I would just like to know what is the best way to go about getting hired with a Private Security Company either working in CONUS or outside CONUS as the team Medic on a security team working for one of the private companies in Afghanistan or Iraq etc? I would greatly appreciate any and all advice any of you can give me. It has been my dream since I was a kid to serve in the military or as a private contractor. Unfortunately I couldn't join the military due to carpal tunnel in my wrists but I am good to go in every other regard and just need to be pointed in the right direction.


----------



## RocketMedic (Apr 15, 2013)

Nerotik said:


> I would just like to know what is the best way to go about getting hired with a Private Security Company either working in CONUS or outside CONUS as the team Medic on a security team working for one of the private companies in Afghanistan or Iraq etc? I would greatly appreciate any and all advice any of you can give me. It has been my dream since I was a kid to serve in the military or as a private contractor. Unfortunately I couldn't join the military due to carpal tunnel in my wrists but I am good to go in every other regard and just need to be pointed in the right direction.

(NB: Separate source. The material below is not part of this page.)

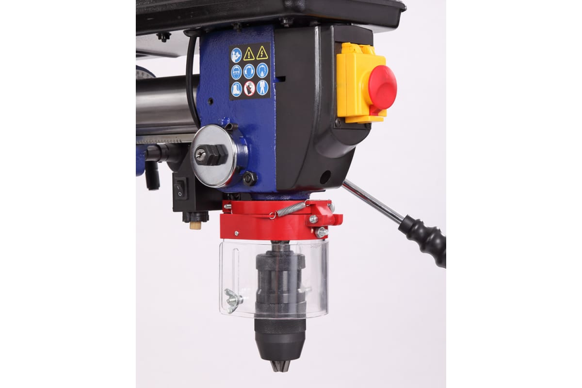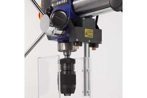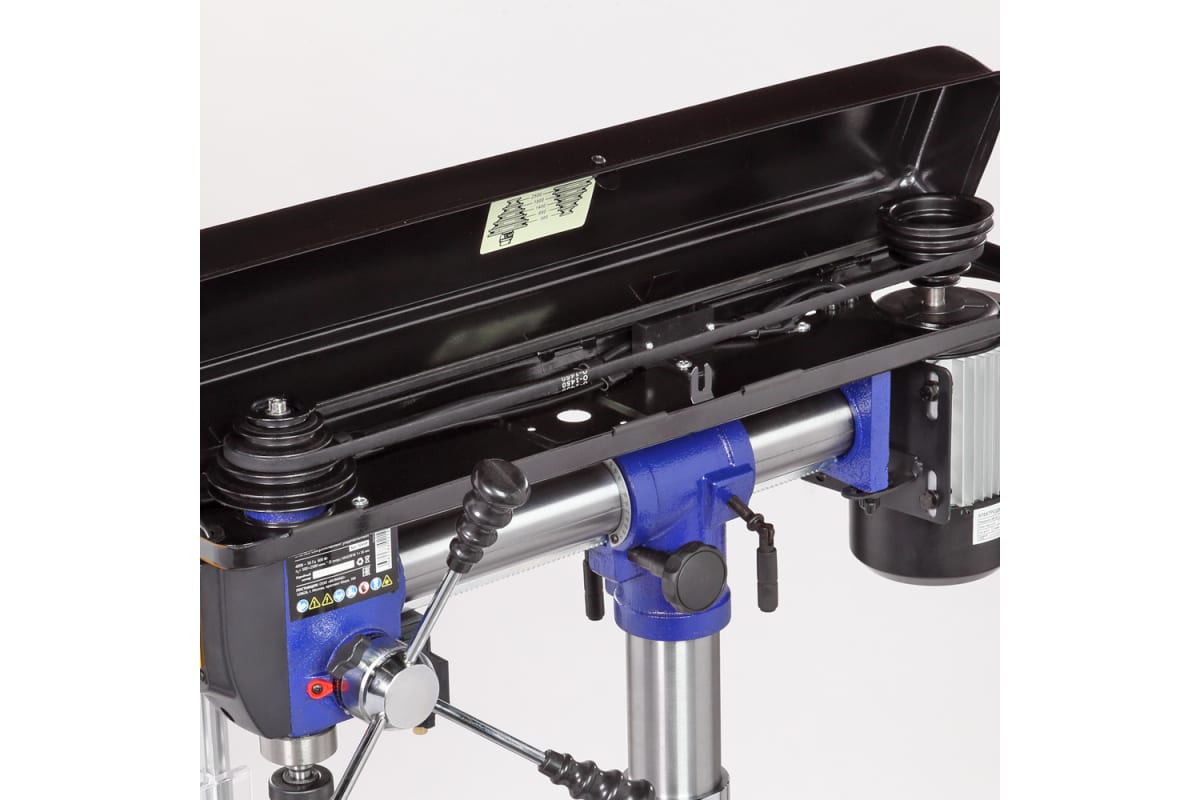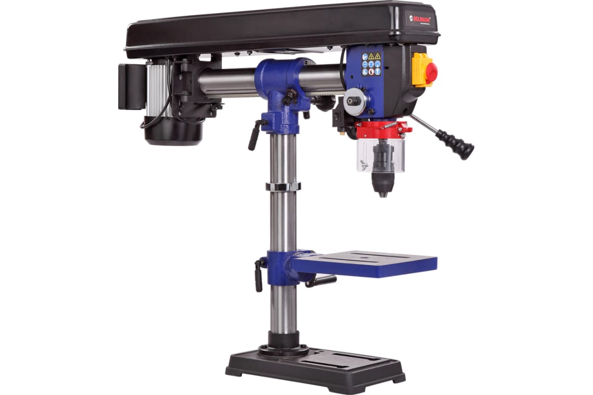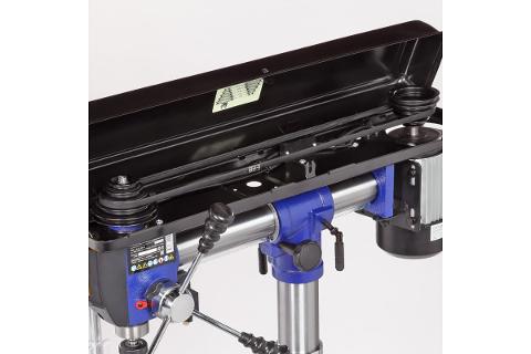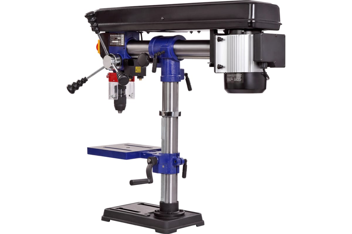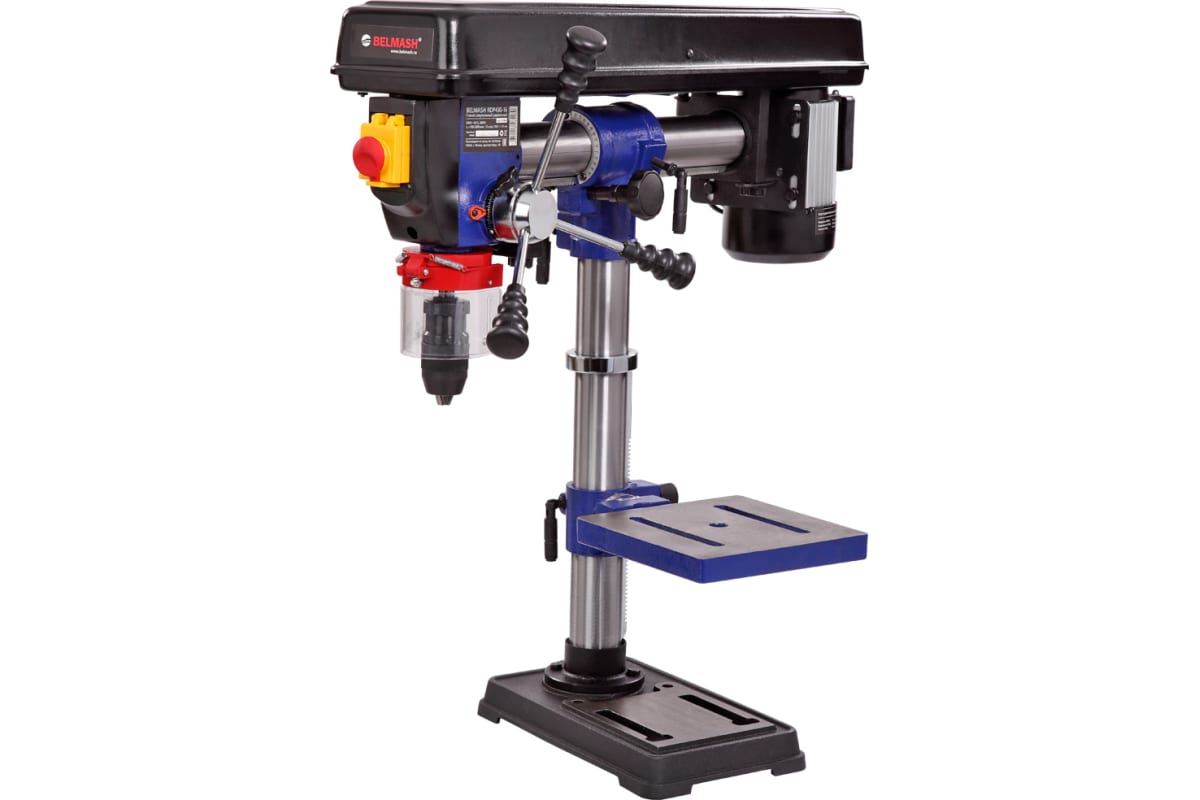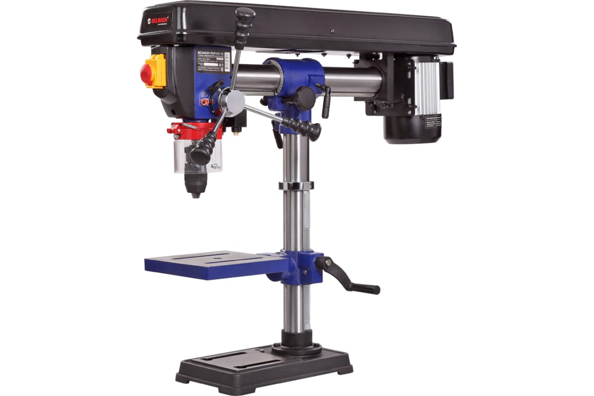 Станок предназначен для обработки различных материалов вращающимся режущим или шлифующим инструментом, с целью получения сквозных или глухих отверстий, растачивания, зенкерования. Модель является радиальной, то есть возможны поворот сверлильной головки относительно вертикальной оси (360 град.), наклон относительно горизонтальной оси (45 град. вправо, 90 град. влево) и есть ход по горизонтали. Стол, опора и корпус сверлильной головки выполнены из чугуна. На основании имеется два отверстия для дополнительной фиксации станка. Двигатель асинхронный, мощностью 600 Вт. Станок рассчитан на подключение к трехфазной сети 400 В. Имеется пять скоростей шпинделя (от 500 до 2500 об/мин), что необходимо при выполнении различных операций и для разных материалов. Переключение происходит за счет переброски ремня. Для этого необходимо открыть крышку ременного отсека, ослабить барашек крепления двигателя, тем самым получив возможность смещения шкива, перекинуть ремень и проделать операцию в обратной последовательности.

Find a new dream. War is winding down, loads of better-trained competition for limited jobs.


----------



## Nerotik (Apr 15, 2013)

Rocketmedic40 said:


> Find a new dream. War is winding down, loads of better-trained competition for limited jobs.



I appreciate your concern but if I walked away just because a situation wasn't ideal then I would never get to accomplish anything in life. The war maybe winding down and I am sure there are others more qualified than I, but I'm not gonna give up or quit on what I want. I will find a way, somewhere, somehow. I may not be working overseas in a war zone or anything that exciting but I will succeed in the industry and I will find employment as Private Contractor.


----------



## Aidey (Apr 15, 2013)

Why a private contractor? 

The typical contractor has several years of experience in a variety of settings, and the contractors they get for war zones often are former soldiers.


----------



## Nerotik (Apr 16, 2013)

A contractor appeals to me for the travel, the pay, and the opportunity to save lives in a unique way. I know they often have much more experience than I do but I grew up being trained as a soldier by my dad who was a cop/marksman and also owned his own gun shop and was a gunsmith. Literally since I was 1 year old, that was the first time he put a rifle in my hands, ever since then he has drilled and drilled me on the use of firearms. I have more training and experience than most cops or soldiers and if it weren't for my carpal tunnel I would have enlisted at 18 in the Army, they saw my records and my history, they saw the video of my 867 yard Elk kill and wanted me to go to Ranger school and Sniper school before my contract was even written. But like I said, fate intervened. So this is my second chance, my mom was a cop too but is now a nurse and teaches first aid/CPR, this is my opportunity to take my skills, the things that I have been doing for so long that they actually make me who I am. I can put them to good use, my dads combat and firearms instruction he passed on to me and my moms medical, first aid/CPR and more that she passed on to me. It's my chance to fulfill my destiny is how I feel. I'm 33 and have spent over 30 years practicing and training with firearms, martial arts and first aid skills so that one day I could finally put them to use helping people. Being a Security Contractor is the best way I can think of to fully use those skills and not let that knowledge and talent go to waste when I could be using my skills to save lives and keep others safe. I truly feel as though it's my calling.


----------



## RocketMedic (Apr 16, 2013)

pm me


----------



## Handsome Robb (Apr 16, 2013)

This is the third thread regarding the exact same question...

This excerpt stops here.